**Exercise prompt**
Repeat every entry word for word; omit all pictures.
----- Data extract -----
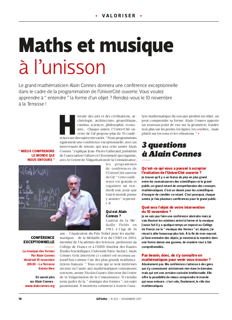 21 avril 2019 : Transcription LaTex de la leçon inaugurale d’Alain Connes au Collège de France
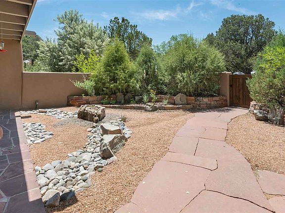A beautiful example of Santa Fe Style with light contemporary elements, this marvelously appointed 2 bedroom/2 bath home with office is sure to please! The convenient location, just minutes to downtown on the historic Old Pecos Trail, is juxtaposed by wonderful views of Atalaya, and the surrounding foothills to the Northeast. The intimate fenced-in backyard with hot tub backs up onto space, arroyos, and lots of trails and walking paths...walk to Museum Hill for lunch! Recently renovated, the new roof and electrical systems are just two examples of the fastidious and careful commitment to maintenance that this home has received. Come see the great value this move-in ready home has to offer!
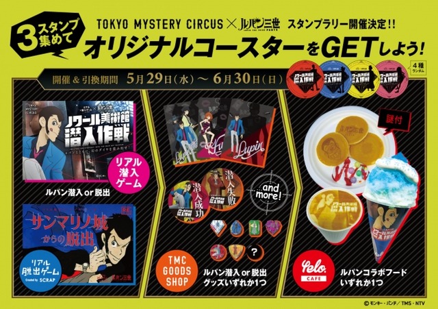 東京ミステリーサーカスでは、現在ルパン三世とコラボレーションした「リアル潜入ゲーム『ノワール美術館 潜入作戦』」が施設3階で開催され、また明日5月30日(木)~7月21日(日)までの期間限定で「リアル脱出ゲーム『サンマリノ城からの脱出』も4階にて開催されます。2公演の同時開催を記念し、本日より公演参加・グッズ・フード購入によってスタンプをためて、オリジナルコースターをGETできるスタンプラリーの開催が決定! コースターはルパン、次元、五ェ門、不二子の4種の中からランダムで1種のプレゼントとなります。
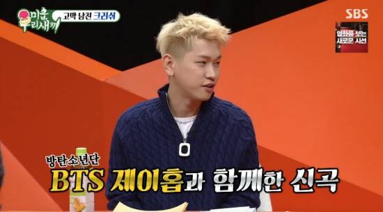 이날 신동엽은 "이번에 신곡이 발매가 되는데 어마어마한 분이 도와줬다더라"라며 말문을 열었고, 크러쉬는 "맞다. 이번 신곡에 BTS 제이홉 님이 같이 했다. '러쉬 아워'라고"라며 밝혔다.
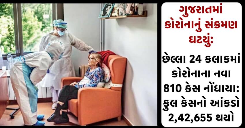 ગુજરાતમાં કોરોનાનું સંક્રમણ ઘટયું: છેલ્લા 24 કલાકમાં કોરોનાના નવા 810 કેસ નોંધાયા: કુલ કેસનો આંકડો 2,42,655 થયો
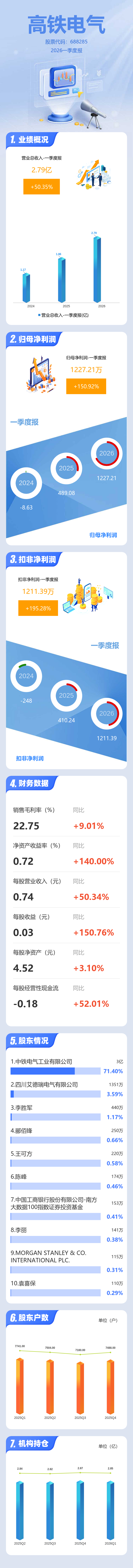 证券之星消息,高铁电气2026年一季报显示,一季度公司主营收入2.79亿元,同比上升50.36%;归母净利润1227.21万元,同比上升150.92%;扣非净利润1211.39万元,同比上升195.29%;负债率43.87%,财务费用-4.57万元,毛利率22.75%。
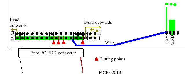 First, bend pins 33 and 34 slightly outwards. Do the same thing with 1,2,3,4,5 and 6 (don't connect them!). There may be no pin 3, it's normal. This makes space for Schneider's connector. Carefully cut track joining pin 5 (third counting right to left) with the rest of grounding pins. Now look haven't you cut ground to other parts of FDD. If so, use additional wire to fix this using grounding pins on the left side of the connector to take grounding from, but keep this pin separate from any ground signal.
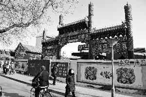 昨天上午,北京晨報記者來到地鐵西四站,剛剛走出地鐵站就見到了一座七八米高的牌樓矗立在路旁,頻頻引得路過的市民駐足觀看。
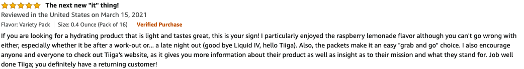 Tiiga comes with a 90 day, money-back guarantee. In fact, if you don't like it, we will refund your money no questions asked. That's how confident we are that you will LOVE our products.
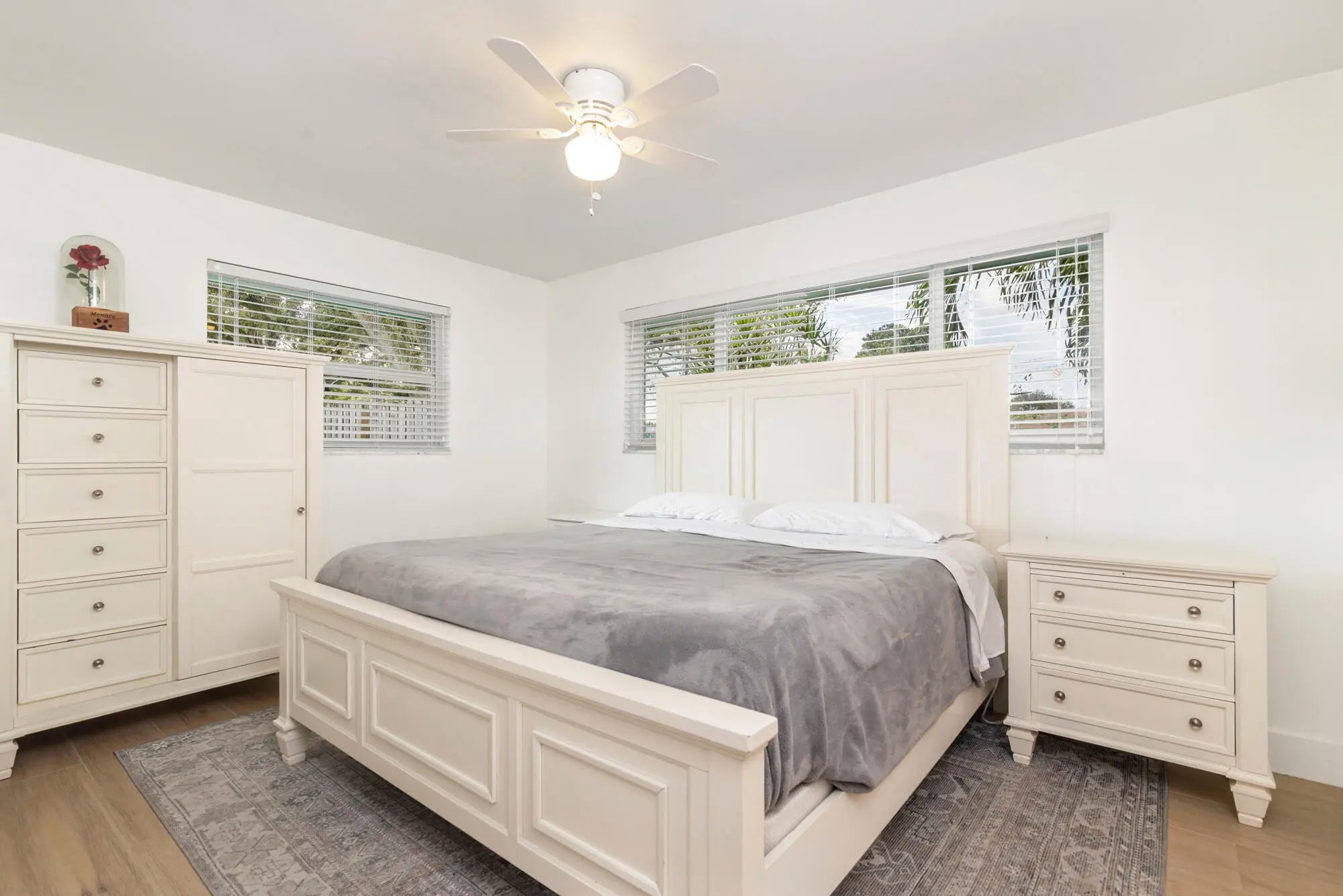 Situated on a quiet street within a highly desirable non-HOA neighborhood, this corner lot, single family home sits in the heart of Palm Beach Gardens. Flooded with natural light, the one-story layout offers 4 bedrooms and 3 full baths. Enjoy the best of South Florida indoor/outdoor living with sliding doors that open to a covered lanai and fenced backyard featuring a sparkling saltwater pool. The kitchen boasts an oversized island, a reverse osmosis water system, quartz countertops and new white oak flooring throughout the home. With an oversized 2 car garage, large driveway and generous side yard, there is ample parking with room to store your boat. This beautifully maintained home offers true move-in readiness and exceptional peace of mind.
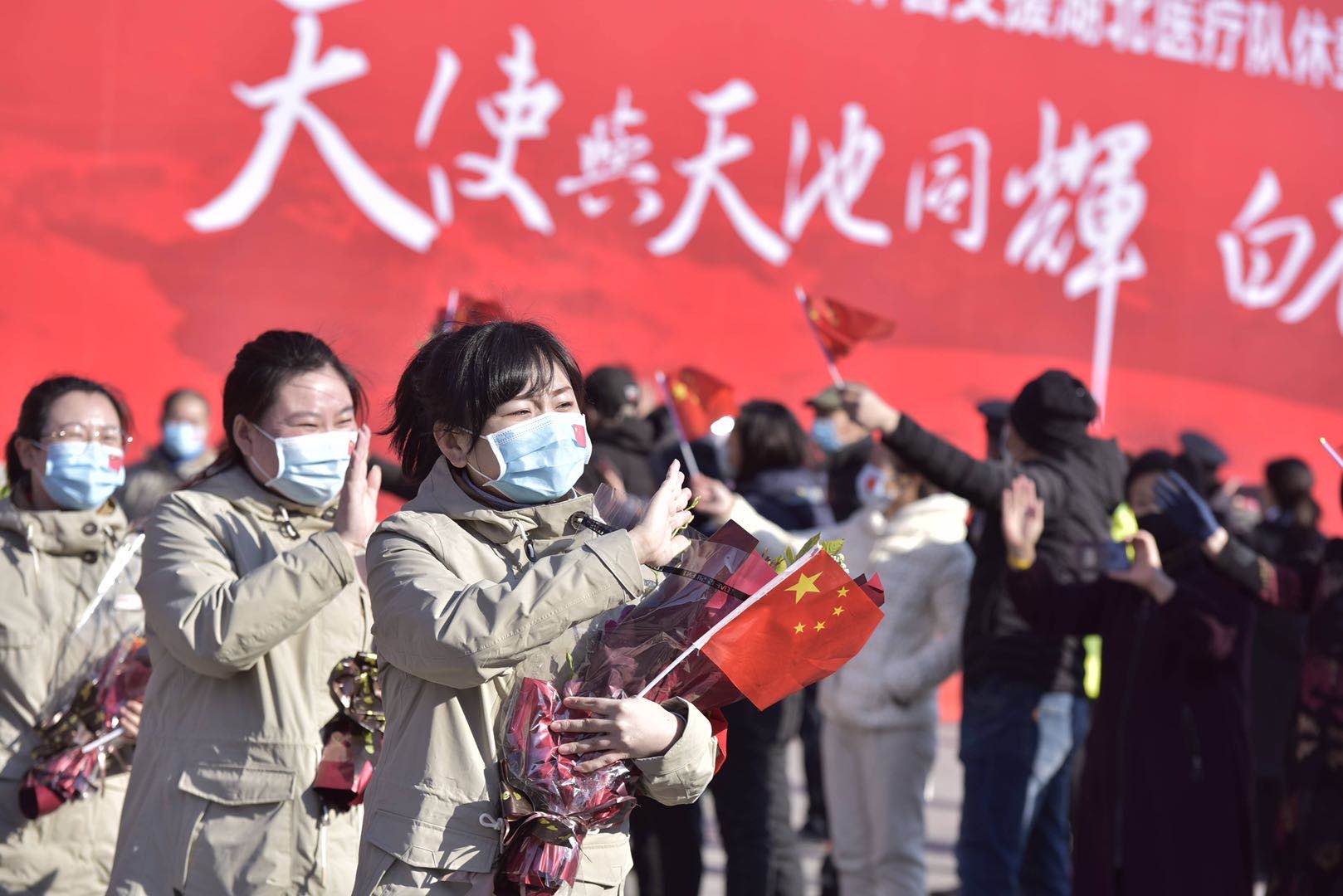????張曉慧說,一場疫情使我們集結在一起,使我們每一名隊員都快速的成長了起來,這就是我們人生最大的收獲。我們深深的知道,掌聲和鮮花是對我們的認可和鼓勵,更知道這些是對我們的鞭策。今天我們即將分離,但是我們的任務和責任并沒有結束,我們會帶著疫情前線的收獲和經驗,重返我們各自的崗位,繼續秉承我們的優良作風,繼續為抗疫工作、繼續為家鄉的人民作出貢獻?!疤焓古c天池同在,白衣共白雪一色”,我們的隊員與長白山結下了不解之緣,我們永遠記得長白山秀麗的風景,永遠記得長白山人民和全省人民的深情厚誼。祝愿我們的祖國“疫情阻擊戰”早日取得全面、徹底的勝利。
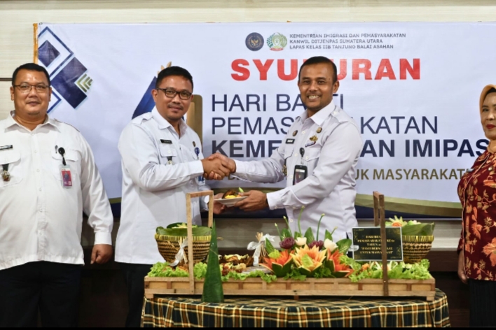 Tanjung Balai_Kantor Imigrasi Kelas II TPI Tanjung Balai Asahan (Kanim TBA) menghadiri acara tasyakuran puncak Hari Bakti Pemasyarakatan ke-61 yang digelar di Aula Lembaga Pemasyarakatan (Lapas) Kelas IIB Tanjung Balai Asahan_Senin (28/4/2025).
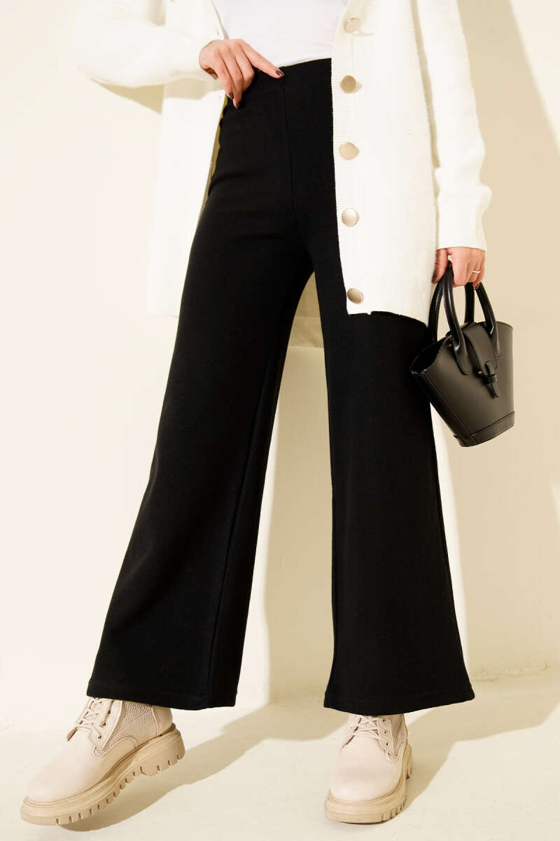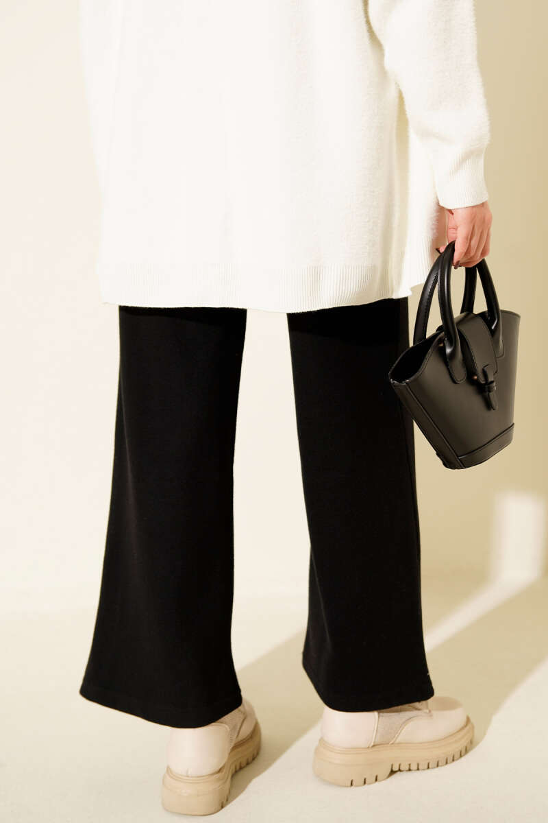 Bol Paça Triko Pantolon Siyah
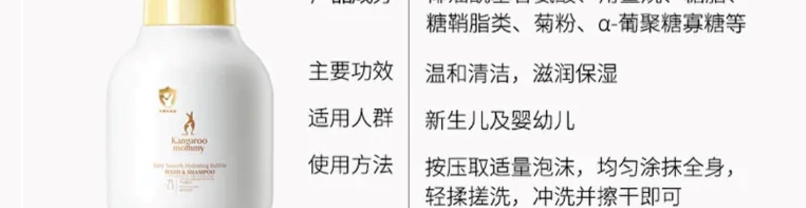 商品名称:袋鼠妈妈 宝宝舒润泡泡洗发沐浴露 300ml
-----
**Answer**
 21 avril 2019 : Transcription LaTex de la leçon inaugurale d’Alain Connes au Collège de France
A beautiful example of Santa Fe Style with light contemporary elements, this marvelously appointed 2 bedroom/2 bath home with office is sure to please! The convenient location, just minutes to downtown on the historic Old Pecos Trail, is juxtaposed by wonderful views of Atalaya, and the surrounding foothills to the Northeast. The intimate fenced-in backyard with hot tub backs up onto space, arroyos, and lots of trails and walking paths...walk to Museum Hill for lunch! Recently renovated, the new roof and electrical systems are just two examples of the fastidious and careful commitment to maintenance that this home has received. Come see the great value this move-in ready home has to offer!
 東京ミステリーサーカスでは、現在ルパン三世とコラボレーションした「リアル潜入ゲーム『ノワール美術館 潜入作戦』」が施設3階で開催され、また明日5月30日(木)~7月21日(日)までの期間限定で「リアル脱出ゲーム『サンマリノ城からの脱出』も4階にて開催されます。2公演の同時開催を記念し、本日より公演参加・グッズ・フード購入によってスタンプをためて、オリジナルコースターをGETできるスタンプラリーの開催が決定! コースターはルパン、次元、五ェ門、不二子の4種の中からランダムで1種のプレゼントとなります。
 이날 신동엽은 "이번에 신곡이 발매가 되는데 어마어마한 분이 도와줬다더라"라며 말문을 열었고, 크러쉬는 "맞다. 이번 신곡에 BTS 제이홉 님이 같이 했다. '러쉬 아워'라고"라며 밝혔다.
 ગુજરાતમાં કોરોનાનું સંક્રમણ ઘટયું: છેલ્લા 24 કલાકમાં કોરોનાના નવા 810 કેસ નોંધાયા: કુલ કેસનો આંકડો 2,42,655 થયો
 证券之星消息,高铁电气2026年一季报显示,一季度公司主营收入2.79亿元,同比上升50.36%;归母净利润1227.21万元,同比上升150.92%;扣非净利润1211.39万元,同比上升195.29%;负债率43.87%,财务费用-4.57万元,毛利率22.75%。
 First, bend pins 33 and 34 slightly outwards. Do the same thing with 1,2,3,4,5 and 6 (don't connect them!). There may be no pin 3, it's normal. This makes space for Schneider's connector. Carefully cut track joining pin 5 (third counting right to left) with the rest of grounding pins. Now look haven't you cut ground to other parts of FDD. If so, use additional wire to fix this using grounding pins on the left side of the connector to take grounding from, but keep this pin separate from any ground signal.
 昨天上午,北京晨報記者來到地鐵西四站,剛剛走出地鐵站就見到了一座七八米高的牌樓矗立在路旁,頻頻引得路過的市民駐足觀看。
 Tiiga comes with a 90 day, money-back guarantee. In fact, if you don't like it, we will refund your money no questions asked. That's how confident we are that you will LOVE our products.
 Situated on a quiet street within a highly desirable non-HOA neighborhood, this corner lot, single family home sits in the heart of Palm Beach Gardens. Flooded with natural light, the one-story layout offers 4 bedrooms and 3 full baths. Enjoy the best of South Florida indoor/outdoor living with sliding doors that open to a covered lanai and fenced backyard featuring a sparkling saltwater pool. The kitchen boasts an oversized island, a reverse osmosis water system, quartz countertops and new white oak flooring throughout the home. With an oversized 2 car garage, large driveway and generous side yard, there is ample parking with room to store your boat. This beautifully maintained home offers true move-in readiness and exceptional peace of mind.
????張曉慧說,一場疫情使我們集結在一起,使我們每一名隊員都快速的成長了起來,這就是我們人生最大的收獲。我們深深的知道,掌聲和鮮花是對我們的認可和鼓勵,更知道這些是對我們的鞭策。今天我們即將分離,但是我們的任務和責任并沒有結束,我們會帶著疫情前線的收獲和經驗,重返我們各自的崗位,繼續秉承我們的優良作風,繼續為抗疫工作、繼續為家鄉的人民作出貢獻?!疤焓古c天池同在,白衣共白雪一色”,我們的隊員與長白山結下了不解之緣,我們永遠記得長白山秀麗的風景,永遠記得長白山人民和全省人民的深情厚誼。祝愿我們的祖國“疫情阻擊戰”早日取得全面、徹底的勝利。
 Tanjung Balai_Kantor Imigrasi Kelas II TPI Tanjung Balai Asahan (Kanim TBA) menghadiri acara tasyakuran puncak Hari Bakti Pemasyarakatan ke-61 yang digelar di Aula Lembaga Pemasyarakatan (Lapas) Kelas IIB Tanjung Balai Asahan_Senin (28/4/2025).
 Bol Paça Triko Pantolon Siyah
 商品名称:袋鼠妈妈 宝宝舒润泡泡洗发沐浴露 300ml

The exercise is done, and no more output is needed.